*WORK INSTRUCTION*
Please retype the data below exactly, stopping after the line with "Gendongan Hipseat Saku" and skipping every picture.

*Dataset items*
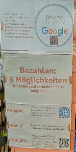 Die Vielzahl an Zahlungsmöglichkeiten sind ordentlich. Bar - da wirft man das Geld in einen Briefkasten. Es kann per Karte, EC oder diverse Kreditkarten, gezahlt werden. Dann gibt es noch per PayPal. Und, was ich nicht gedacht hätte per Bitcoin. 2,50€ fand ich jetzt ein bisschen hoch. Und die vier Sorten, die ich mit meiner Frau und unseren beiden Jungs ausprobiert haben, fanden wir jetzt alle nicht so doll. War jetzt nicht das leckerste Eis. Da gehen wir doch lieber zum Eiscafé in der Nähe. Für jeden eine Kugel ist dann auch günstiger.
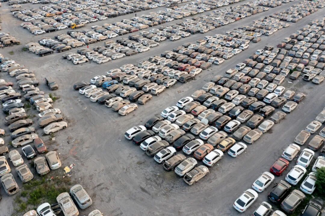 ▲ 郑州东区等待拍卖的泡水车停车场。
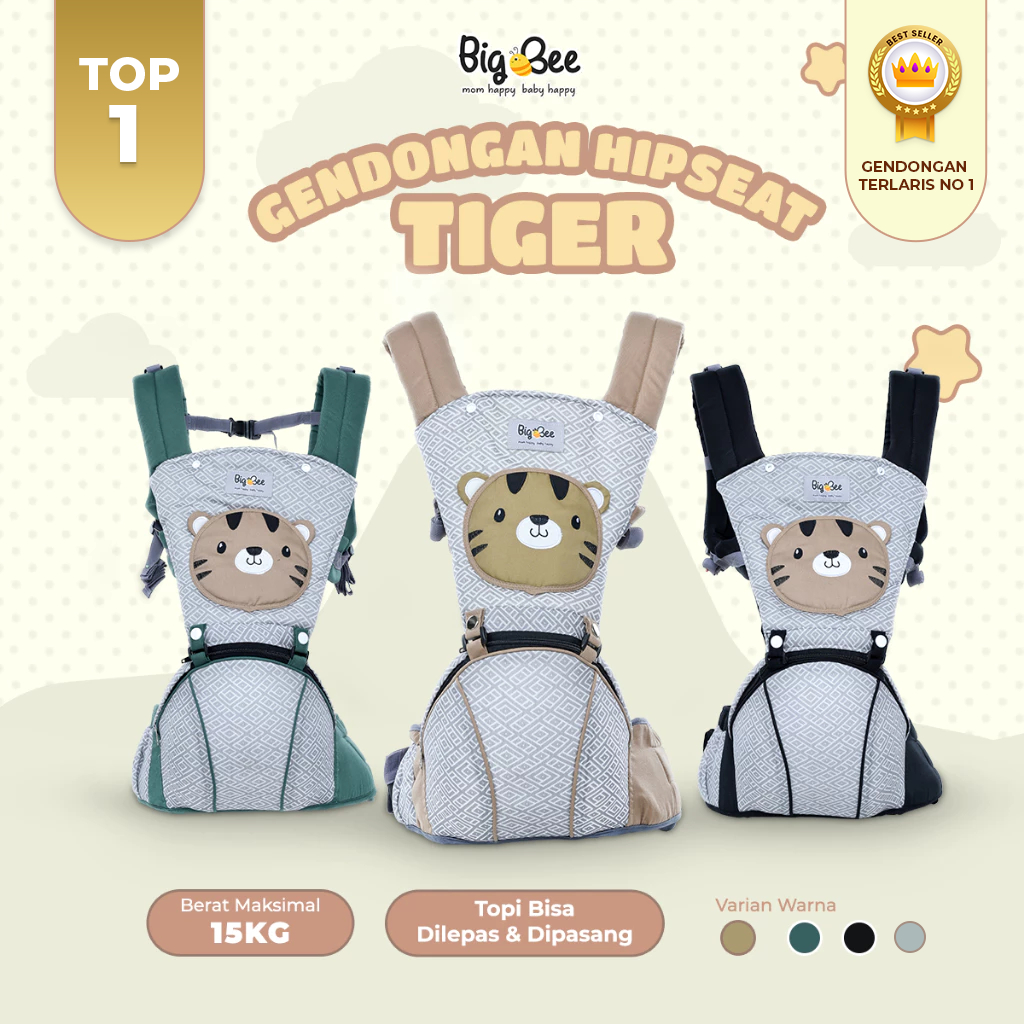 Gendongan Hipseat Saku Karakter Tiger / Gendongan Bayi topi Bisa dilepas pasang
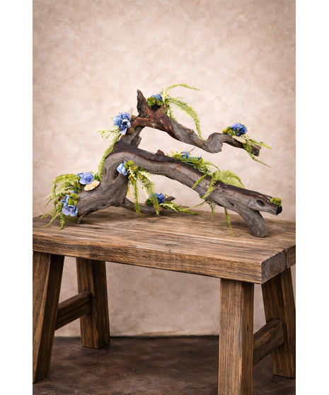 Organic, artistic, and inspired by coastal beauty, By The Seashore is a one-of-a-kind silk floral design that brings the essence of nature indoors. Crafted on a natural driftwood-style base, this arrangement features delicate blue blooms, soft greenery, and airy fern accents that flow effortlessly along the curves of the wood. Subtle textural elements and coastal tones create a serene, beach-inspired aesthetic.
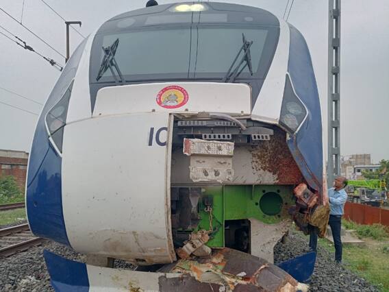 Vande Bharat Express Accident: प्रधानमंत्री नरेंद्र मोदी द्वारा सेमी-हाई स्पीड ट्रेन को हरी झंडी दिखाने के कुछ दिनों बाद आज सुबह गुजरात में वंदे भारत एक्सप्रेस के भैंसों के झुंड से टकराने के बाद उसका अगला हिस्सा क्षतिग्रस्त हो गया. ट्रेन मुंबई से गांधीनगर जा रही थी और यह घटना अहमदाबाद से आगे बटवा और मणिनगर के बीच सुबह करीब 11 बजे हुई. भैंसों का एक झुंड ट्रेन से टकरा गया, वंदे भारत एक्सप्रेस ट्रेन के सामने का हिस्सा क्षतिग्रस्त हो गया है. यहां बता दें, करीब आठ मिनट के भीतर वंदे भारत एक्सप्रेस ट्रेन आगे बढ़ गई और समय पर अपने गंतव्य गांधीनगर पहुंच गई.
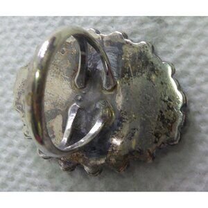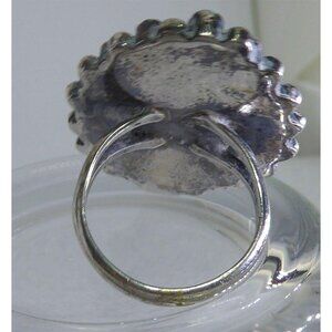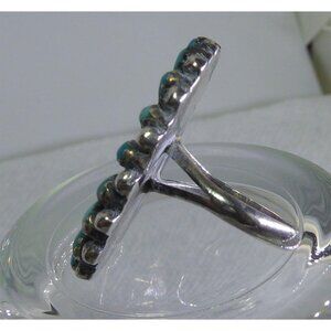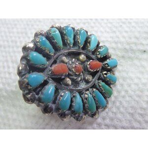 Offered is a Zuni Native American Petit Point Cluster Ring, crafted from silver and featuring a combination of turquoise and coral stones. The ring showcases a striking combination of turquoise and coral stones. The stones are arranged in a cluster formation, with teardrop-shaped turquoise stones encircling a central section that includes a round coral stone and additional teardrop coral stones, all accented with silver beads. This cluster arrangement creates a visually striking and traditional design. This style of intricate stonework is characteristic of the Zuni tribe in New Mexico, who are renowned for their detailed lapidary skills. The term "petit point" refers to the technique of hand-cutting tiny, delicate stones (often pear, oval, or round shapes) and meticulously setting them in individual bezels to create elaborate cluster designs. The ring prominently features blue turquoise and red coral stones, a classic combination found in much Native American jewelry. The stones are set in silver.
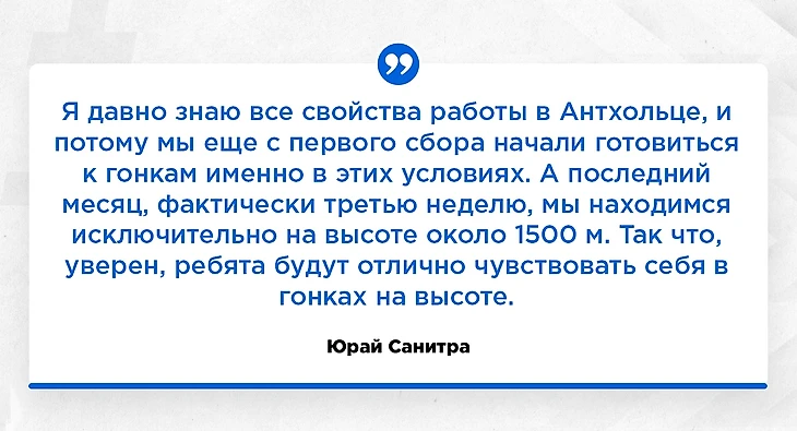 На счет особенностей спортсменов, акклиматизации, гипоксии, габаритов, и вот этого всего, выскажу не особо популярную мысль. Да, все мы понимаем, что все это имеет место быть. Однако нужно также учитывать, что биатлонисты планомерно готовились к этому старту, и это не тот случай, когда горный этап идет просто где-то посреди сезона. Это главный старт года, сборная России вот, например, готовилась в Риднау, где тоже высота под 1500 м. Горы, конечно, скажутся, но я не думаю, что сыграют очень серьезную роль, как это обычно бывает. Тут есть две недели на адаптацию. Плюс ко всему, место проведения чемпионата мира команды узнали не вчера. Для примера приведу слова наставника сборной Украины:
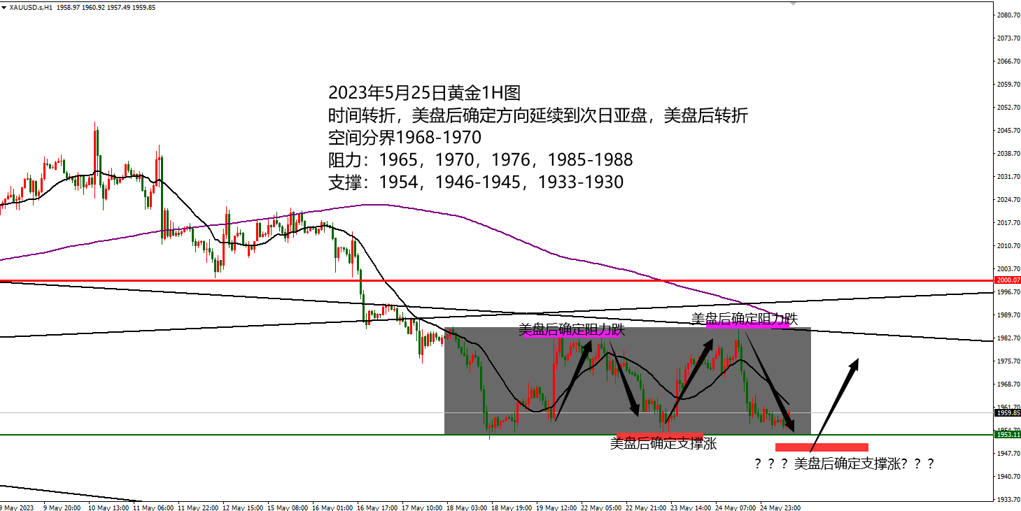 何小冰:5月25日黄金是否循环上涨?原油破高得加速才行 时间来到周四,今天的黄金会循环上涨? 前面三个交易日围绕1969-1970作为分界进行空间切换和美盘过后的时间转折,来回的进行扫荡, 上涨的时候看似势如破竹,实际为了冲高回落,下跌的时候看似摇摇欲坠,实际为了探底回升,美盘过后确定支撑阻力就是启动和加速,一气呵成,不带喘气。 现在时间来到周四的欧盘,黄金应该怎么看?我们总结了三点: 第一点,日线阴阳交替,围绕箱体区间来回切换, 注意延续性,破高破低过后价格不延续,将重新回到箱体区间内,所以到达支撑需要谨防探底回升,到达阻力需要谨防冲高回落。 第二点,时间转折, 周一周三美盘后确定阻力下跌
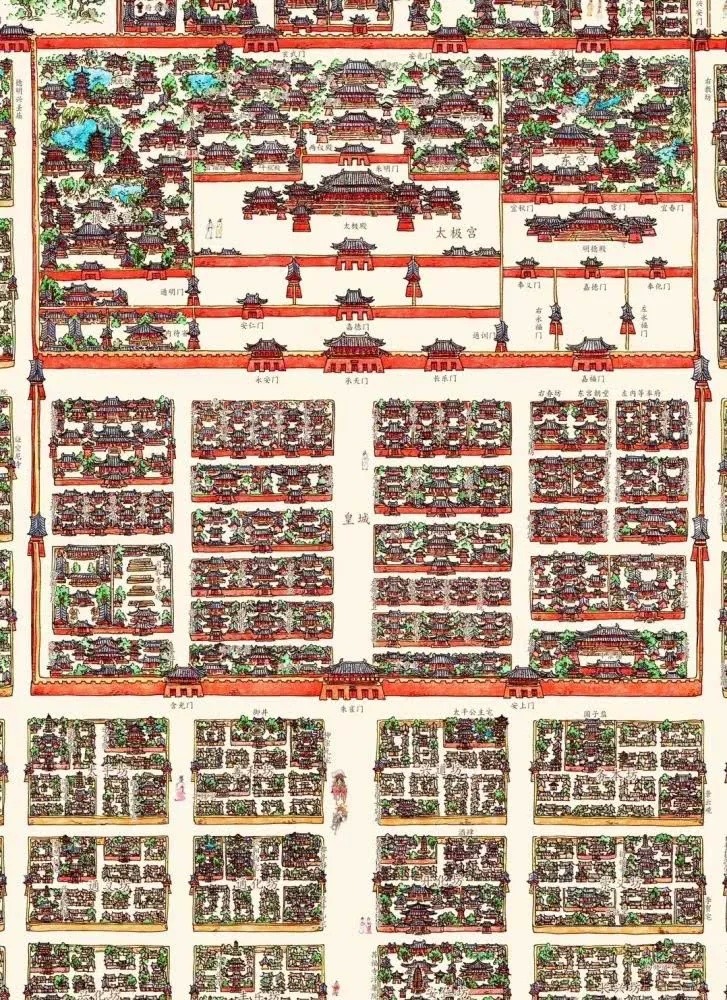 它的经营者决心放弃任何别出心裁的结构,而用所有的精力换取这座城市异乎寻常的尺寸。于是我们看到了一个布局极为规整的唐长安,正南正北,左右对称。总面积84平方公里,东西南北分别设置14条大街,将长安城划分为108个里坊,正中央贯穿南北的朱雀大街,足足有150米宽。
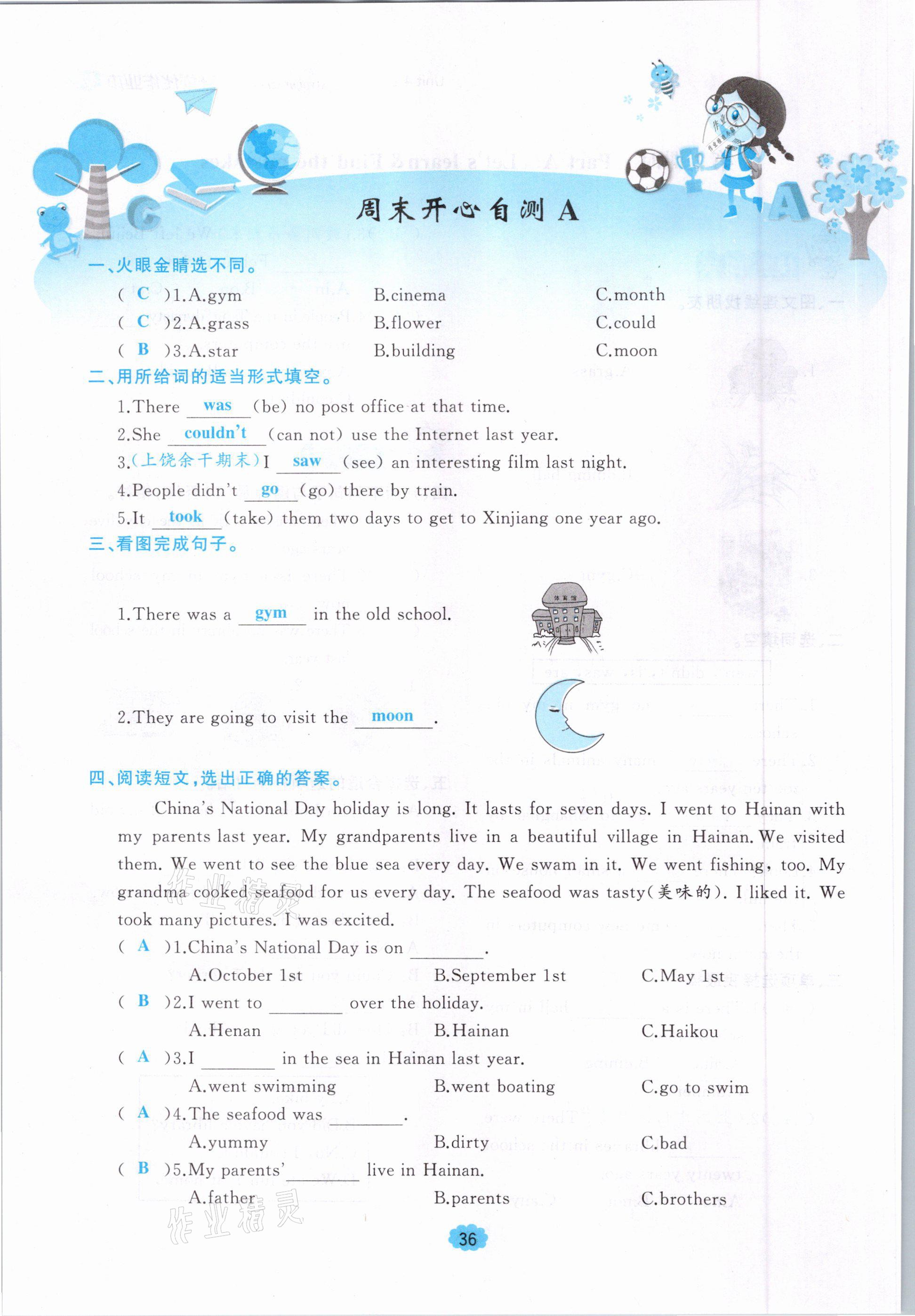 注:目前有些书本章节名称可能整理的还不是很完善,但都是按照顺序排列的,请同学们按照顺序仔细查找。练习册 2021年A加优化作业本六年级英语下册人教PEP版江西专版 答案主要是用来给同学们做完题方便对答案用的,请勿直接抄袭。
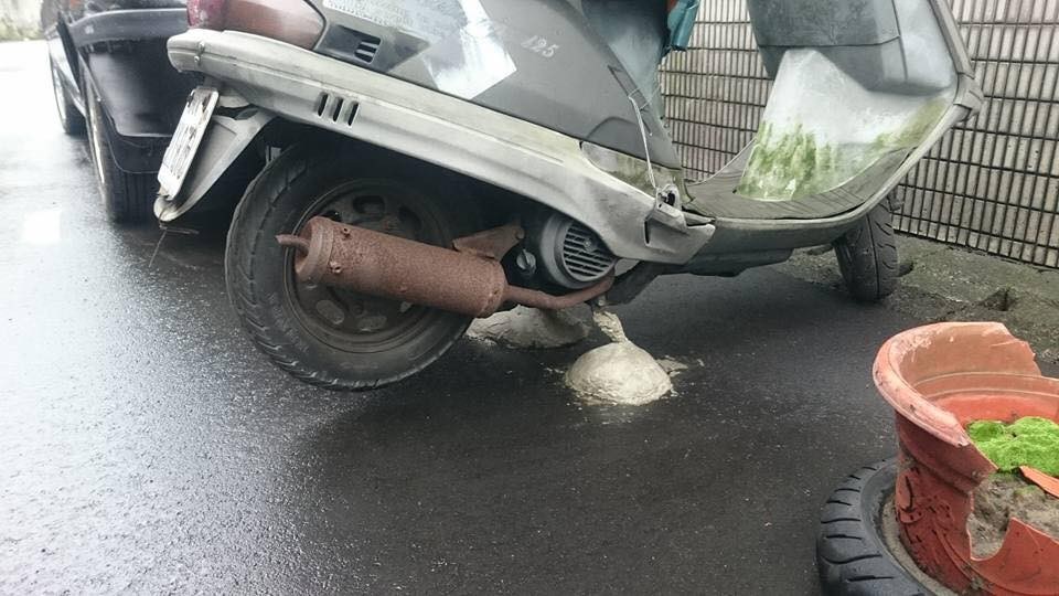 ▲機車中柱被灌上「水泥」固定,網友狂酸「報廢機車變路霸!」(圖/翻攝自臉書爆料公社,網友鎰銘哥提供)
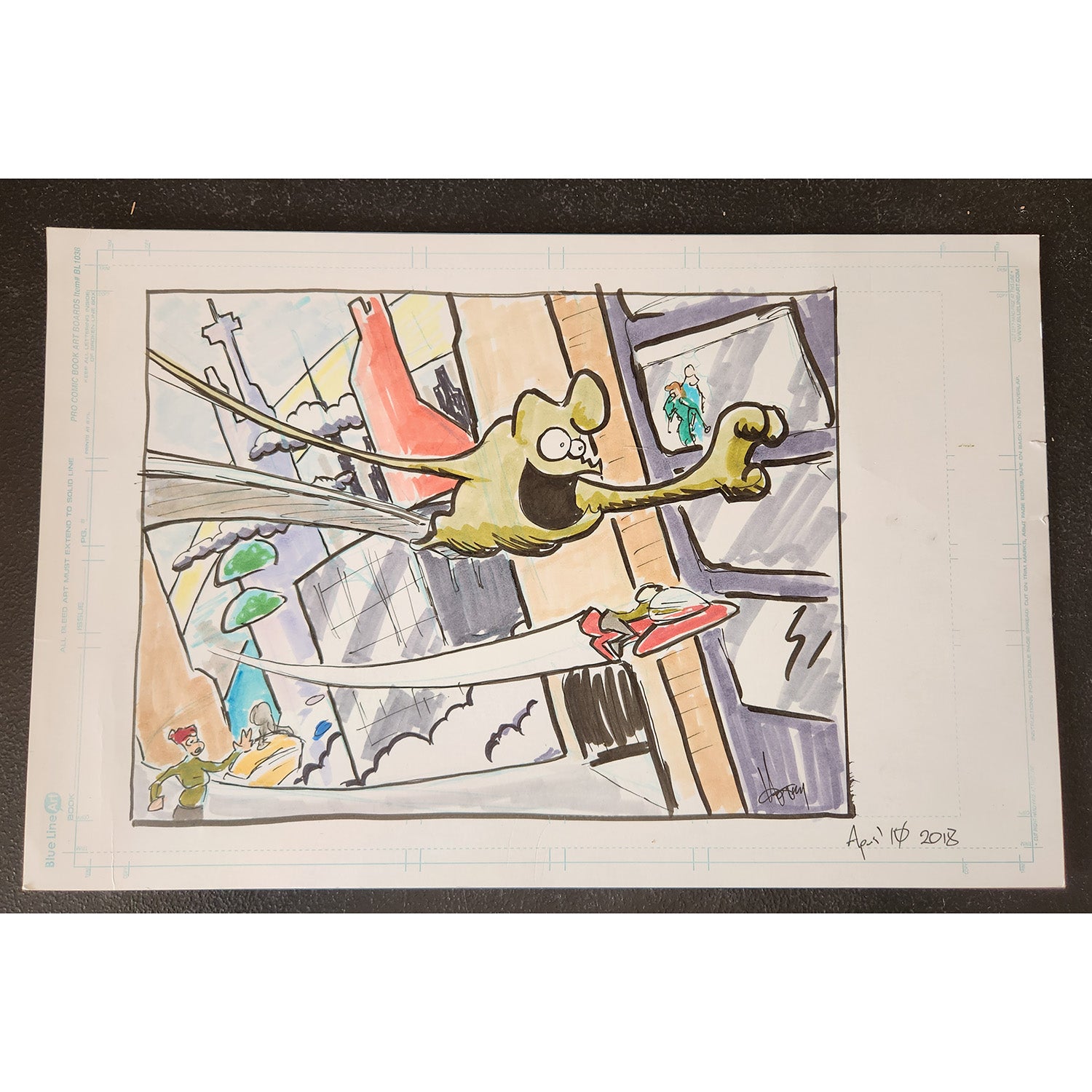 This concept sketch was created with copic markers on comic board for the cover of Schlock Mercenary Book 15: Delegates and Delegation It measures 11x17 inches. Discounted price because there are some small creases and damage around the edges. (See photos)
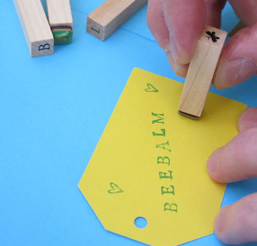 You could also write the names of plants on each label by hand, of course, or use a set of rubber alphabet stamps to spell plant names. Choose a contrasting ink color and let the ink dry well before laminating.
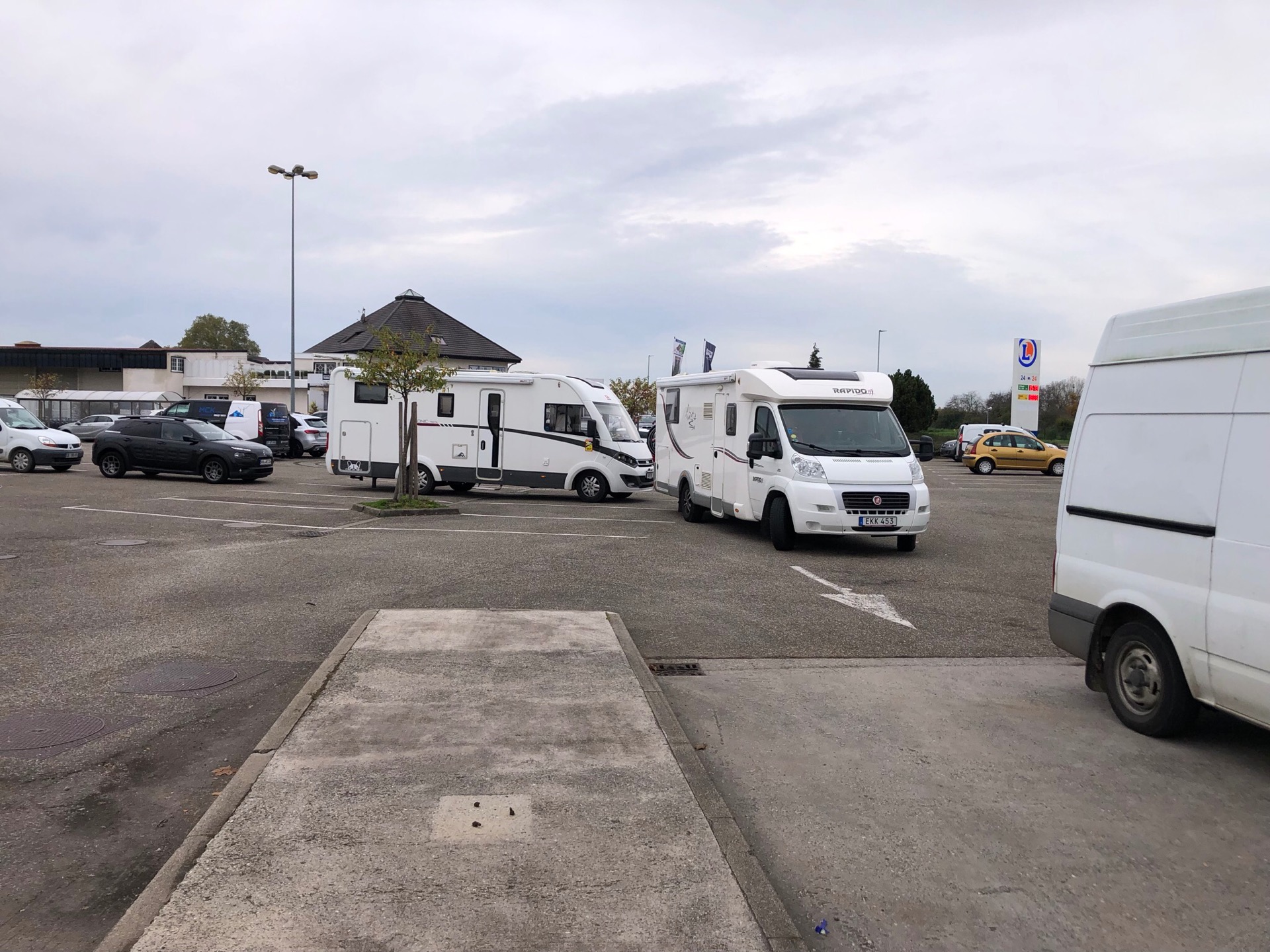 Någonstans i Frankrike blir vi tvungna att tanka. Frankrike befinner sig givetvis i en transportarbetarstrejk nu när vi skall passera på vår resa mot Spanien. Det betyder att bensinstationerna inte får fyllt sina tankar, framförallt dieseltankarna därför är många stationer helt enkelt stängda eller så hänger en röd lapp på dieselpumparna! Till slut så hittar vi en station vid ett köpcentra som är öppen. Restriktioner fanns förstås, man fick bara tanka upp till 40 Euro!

*EXPECTED ANSWER*
 Die Vielzahl an Zahlungsmöglichkeiten sind ordentlich. Bar - da wirft man das Geld in einen Briefkasten. Es kann per Karte, EC oder diverse Kreditkarten, gezahlt werden. Dann gibt es noch per PayPal. Und, was ich nicht gedacht hätte per Bitcoin. 2,50€ fand ich jetzt ein bisschen hoch. Und die vier Sorten, die ich mit meiner Frau und unseren beiden Jungs ausprobiert haben, fanden wir jetzt alle nicht so doll. War jetzt nicht das leckerste Eis. Da gehen wir doch lieber zum Eiscafé in der Nähe. Für jeden eine Kugel ist dann auch günstiger.
 ▲ 郑州东区等待拍卖的泡水车停车场。
 Gendongan Hipseat Saku Karakter Tiger / Gendongan Bayi topi Bisa dilepas pasang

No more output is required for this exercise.